Researchers at the U.Va. Health System have gotten closer to understanding what makes cells grow and divide with two key discoveries about enzymes that alter histones. These findings, which may present new treatment targets for some cancers, are published in early August issues of Cell and Nature.

"DNA is the mission control of our cells, but how our genetic template knows what to do, how to replicate and divide faithfully to each daughter cell, has been a long-standing mystery. With these and other recent discoveries, we have begun to identify controllers for specific parts of the cell cycle," said C. David Allis, the Byrd Professor of Biochemistry at U.Va., who heads one of the research labs responsible for the Cell and Nature studies. "These findings put us closer to complete understanding of the cell cycle which will ultimately have enormous consequences for therapy and drug design, particularly for cancer."
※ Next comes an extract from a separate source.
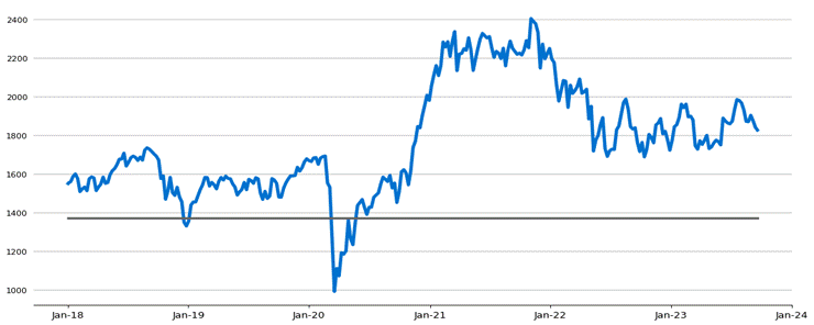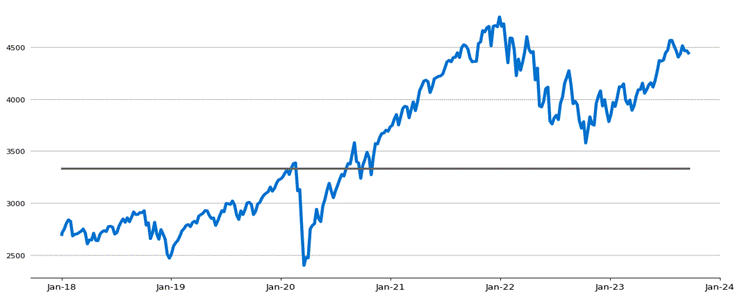 下图列出了SPX在2018年1月2日至2023年9月19日期间的每日历史表现。我们从Bloomberg L.P.获得了这些历史数据。我们尚未独立核实从Bloomberg L.P.获得的信息的准确性或完整性。图中的水平线代表SPX假设的票息障碍和假设的阈值3332.96(四舍五入到小数点后两位),这是SPX假设的起始值4443.95(2023年9月19日的收盘价)的75%。实际起始值、票息障碍和阈值将在定价日确定。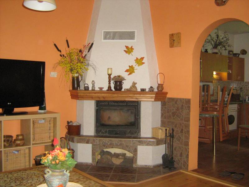 Vytápění: Vytápění elektrickými přímotopy, v AP1 možnost topení v krbu s krbovou vložkou, v AP2 možnost topení v krbových kamnech.

The cell cycle is an ordered set of events, culminating in cell growth and division into two daughter cells. The nucleus of each cell contains genetic information in the form of chromatin, a highly folded ribbon-like complex of deoxyribonucleic acid (DNA) wrapped around a class of proteins called histones. Histones, and specifically processes that modify histones, are thought to play a large role in the complex processes of gene expression and cell division, a process that underlies tissue growth and development.

"Because cancer is a disease in which regulation of the cell cycle goes awry, a better understanding of these processes should lead to new cancer treatments," Allis explained.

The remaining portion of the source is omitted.